▶ Provided data:
* * * *

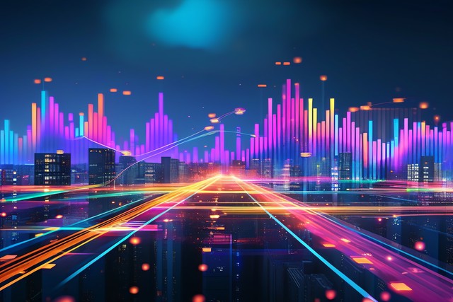 现代创意的网络节点在智慧城市中互联,在5G和无线技术的先进数字连接中
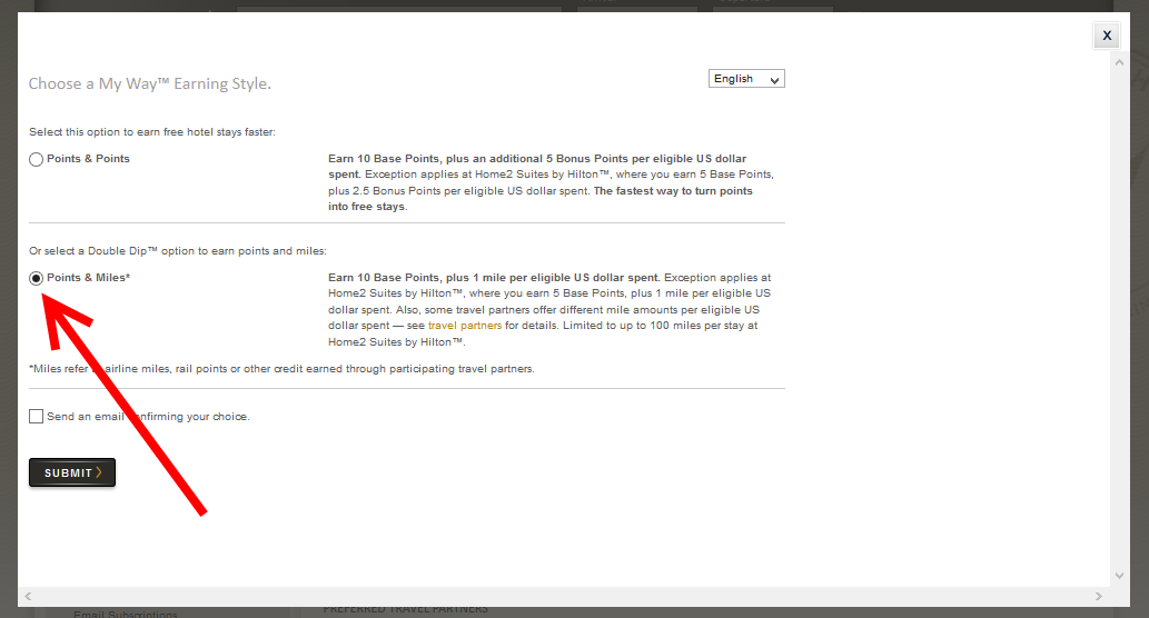 Notice what it says at the bottom of the promotion page. You must “Select Points & Miles at your Double Dip”. That – is a mouthful. How do you do that? Just follow these “simple” steps.
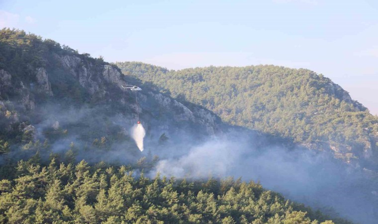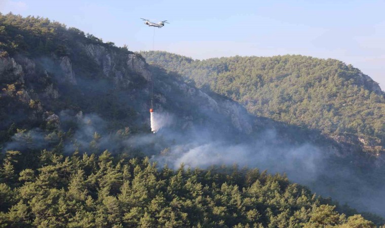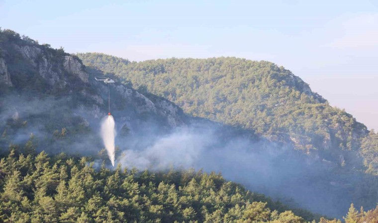 Muğla’nın Menteşe ilçesindeki orman yangını 20’nci saatine girerken, sarp arazide süren yangını kontrol altına almak için hava araçları yoğun şekilde müdahale ediyor.

* * * *

Return the material above verbatim. Pictures are to be excluded.

 现代创意的网络节点在智慧城市中互联,在5G和无线技术的先进数字连接中
 Notice what it says at the bottom of the promotion page. You must “Select Points & Miles at your Double Dip”. That – is a mouthful. How do you do that? Just follow these “simple” steps.
 Muğla’nın Menteşe ilçesindeki orman yangını 20’nci saatine girerken, sarp arazide süren yangını kontrol altına almak için hava araçları yoğun şekilde müdahale ediyor.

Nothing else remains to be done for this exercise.